Leggat performed concurrent recurring roles on the series I Was a Sixth Grade Alien for Fox and YTV, and In a Heartbeat for the Disney Channel. She performed a guest lead role on the series Real Kids, Real Adventures, and a lead role on the CBC Radio drama Articles of Faith. As well, she appeared in the cable television film What Girls Learn, starring Elizabeth Perkins and Scott Bakula; the Disney television movie The Music Man, starring Matthew Broderick; the comedy series The Blobheads; and the fantasy science-fiction series The Zack Files. In 2005, Leggat performed in Moze Mossanen's short film Roxana as part of CBC's "Opening Night" series.

In 2005, Leggat was cast in the co-lead role of Casey McDonald in the Family Channel family comedy series Life with Derek. The series ran for four seasons before ending its run in 2009. On July 31, 2009, Leggat commented on her official Facebook page that they would begin shooting Vacation with Derek in September of that year; it aired in Canada on the Family Channel in June 2010, and in the U.S. on Starz in 2011.

Leggat starred as Baby in the Toronto version of the play Dirty Dancing in 2008. In 2010, Leggat was cast in MTV's Made... The Movie as the main antagonist, Tiffany.

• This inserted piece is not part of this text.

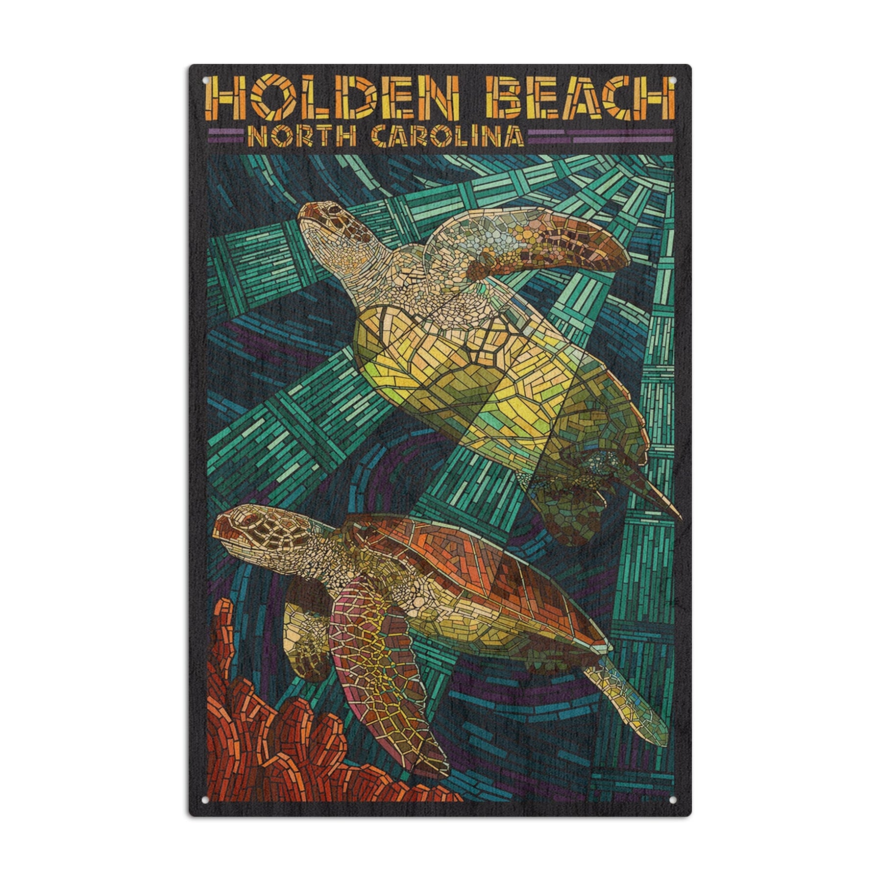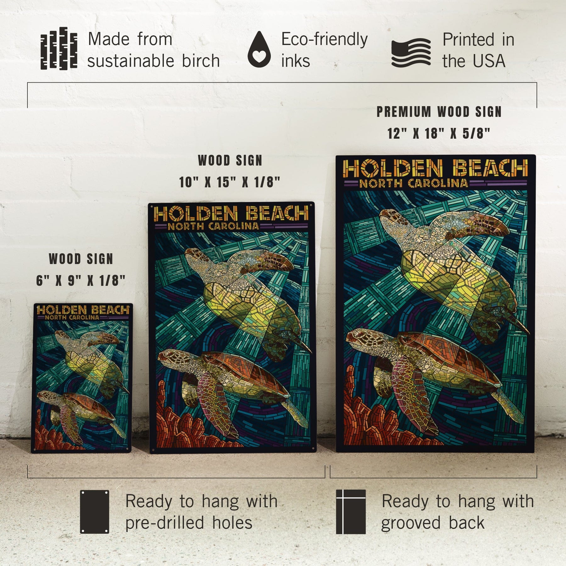 Holden Beach, North Carolina, Sea Turtle Paper Mosaic, Lantern Press Poster, Wood Signs and Postcards

In 2011, Leggat starred as Ashley Dunnfield in the Lifetime television movie The Perfect Roommate. In 2015, she starred in the independent film People Hold On, directed by Life with Derek co-star Michael Seater.

Personal life
Leggat has four older brothers. She is close friends with her Life with Derek co-star Michael Seater. 

In 2011, she married longtime boyfriend, hockey player Jeremy Williams. They have three daughters, born 2017, 2019 and 2022.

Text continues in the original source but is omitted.